Getting Ready for Tax Season – Putting your Money in a TFSA vs. RRSP 

As tax season approaches, it is important to talk about important money matters. Something you might be wondering is whether you should put your extra money in a tax free savings account (TFSA) or a registered retirement savings plan (RRSP). AAJ Magazine has some helpful tips and advice to assist you in your upcoming decisions. 

 

A TFSA is a savings account where you can put your money and let it grow in eligible investments. Any money you “make” off these savings (interest, dividends, capital gains) is tax-free for life. You can withdraw your money at any time, for any reason, and the withdrawals are tax-free. TFSAs do not affect your annual tax filing whatsoever. They are a good place to put your money if you want it to grow, and if you want to be able to access it whenever, hassle-free. 

 

RRSPs on the other hand, are highly valuable during tax time. Putting your money into RRSPs is a good way to receive a better refund (or lower owing balance) during tax time. However, there are important deadlines. For instance, for the 2017 year (which you will file taxes for in 2018), you need to put money into RRSPs between January 1, 2017 and December 31, 2017; or the extended deadline between January 1, 2018 and February 28, 2018. Any money you put aside during these periods will be claimed for your 2017 tax year as non-taxable income.  

 

It is important to note that RRSPs are less accessible than TFSAs.

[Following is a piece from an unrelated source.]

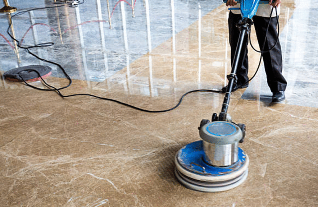 نقوم بتنظيف الرخام من أي غبار أو مخلفات ناتجة عن عملية الجلي.

If you withdraw money from your RRSPs, you will be charged a withholding tax at the time of the withdrawal, which ranges between 10% to 30%, depending on how much money is withdrawn. You will also be dinged at tax time, as the money withdrawn is considered “taxable income.” These tax-time costs depend on your income and overall tax situation. Furthermore, sometimes there are limits as to the “reasons” for which you can withdraw the money. For example, if your RRSPs are managed by your employer, you may only be able to withdraw them for the purchase of a home, or for tuition fees. In addition to this, money must usually sit in an RRSP account for 90 days, before it can be accessed for a purchase. 

 

When deciding between a TFSA or RRSP, assess your overall household situation, and see what works best for you. You can also talk to a financial advisor or tax planner for advice.